Tronic wrote:you used a symmetric FIR implementation or am I wrong?
I would like to deepen this oversampling technique, if you have time and desire,
would you explain how to use it both for UP / DOWN sampling, and what you used to derive the coefficients?
Yes, it is a symmetric FIR so it is linear phase. I think that most D/A converters are also linear phase, but I really don't know if that is generally true.
There is good information on the SM forum and wiki, just google oversampling. I should note that the filter in the above schematic is designed for the specific task of intersample peak estimation. It is less suited for other sound processing tasks (mainly because of its poor stopband rejection). In that case the toolkit IIR filter will perform
much better.
The coefficients are from the excellent
LabVIEW online utility.
Drnkhobo wrote:by "tap" do you mean pole?
I have tested this with a version I made with the oversampling toolkit and cyto's peak meter. . .
It seems that the OSToolkit + Cyto's Peak Detector find higher values than the example you provided. . ? Im not sure if I did it wrong, probably
No, I mean tap (I thought that's a common term for FIR filters). Typically you would have (nontrivial) poles in IIR filters, not FIR.
Your test with the SM OS Toolkit is interesting, I get the same result for noise input. However, it really depends on the input signal. For example, for an impulse train, the toolkit actually yields
lower peak values, even lower than those of the original input!

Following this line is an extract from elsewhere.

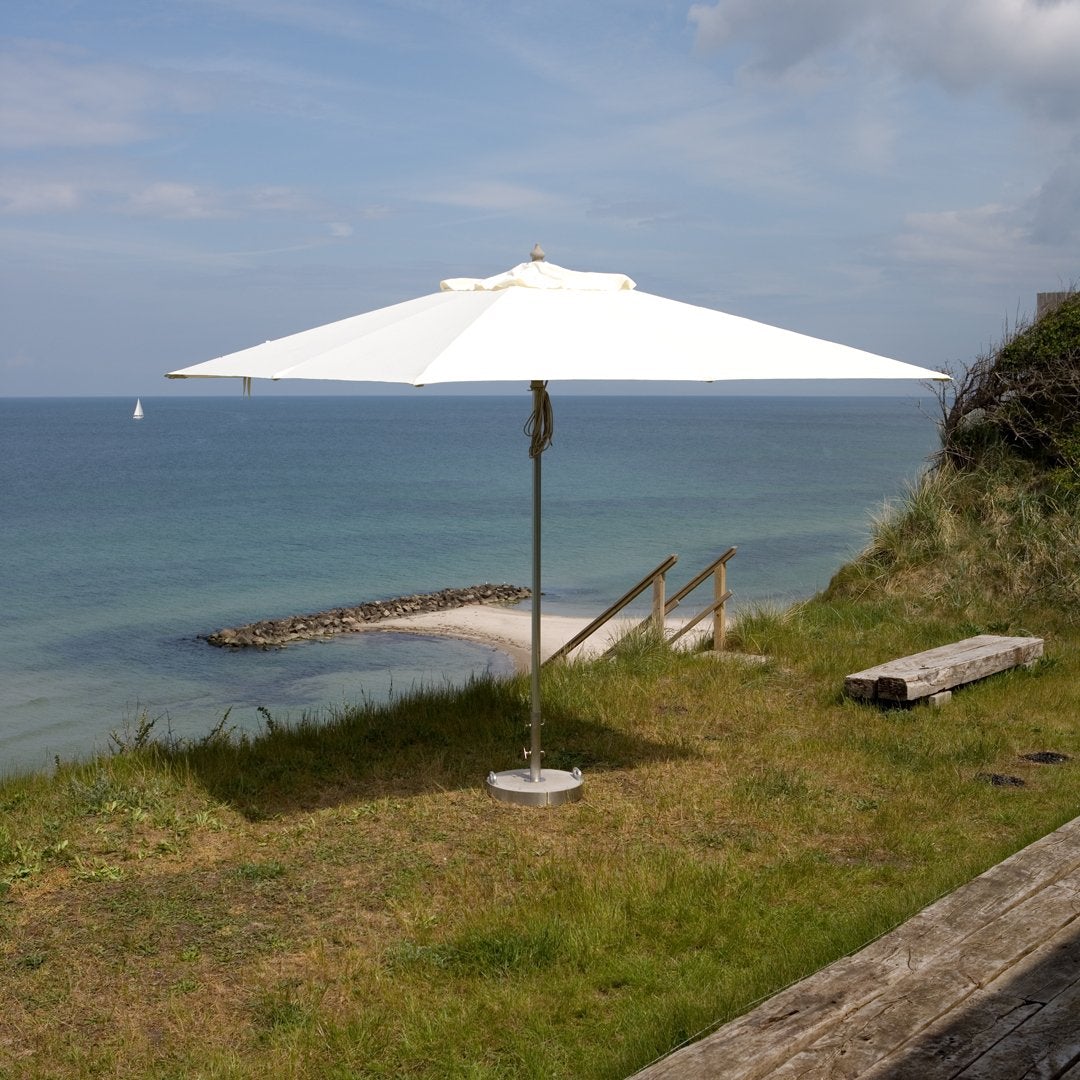 Keep cool under the shade of this round Messina umbrella and enjoy your outdoor space to the fullest. Build from long-lasting materials and with a classic design, Messina will protect you from the sun and guide you comfortably through hot summer days for many years to come. This round version is partly metal-reinforced, making it a perfect match for most outdoor tables with an umbrella hole.

It does make sense if you look at the time response of the toolkit filter: a single pulse gets heavily distorted with lots of ringing.
tulamide wrote:So, regarding my question, the interpolation method isn't standardized, but rather one uses generalized algorithms (filtering/oversampling). It approximates to keep reasonable cpu-load/accuracy ratio, accepting to let some peaks unrecognized. I'm not much into sound engineering, but it reminds me on a spline in the graphical world, where start and end are known, and the control points are set to certain discrete values (all with a resolution as low as possible).
That's true. If all D/A converters were linear phase, then the "ideal" method would be a sinc-interpolation. My little schematic addresses this scenario, with some (hopefully) reasonable trade-off between CPU load and approximation. For other than linear phase, it is really impossible to know the peaks after D/A conversion.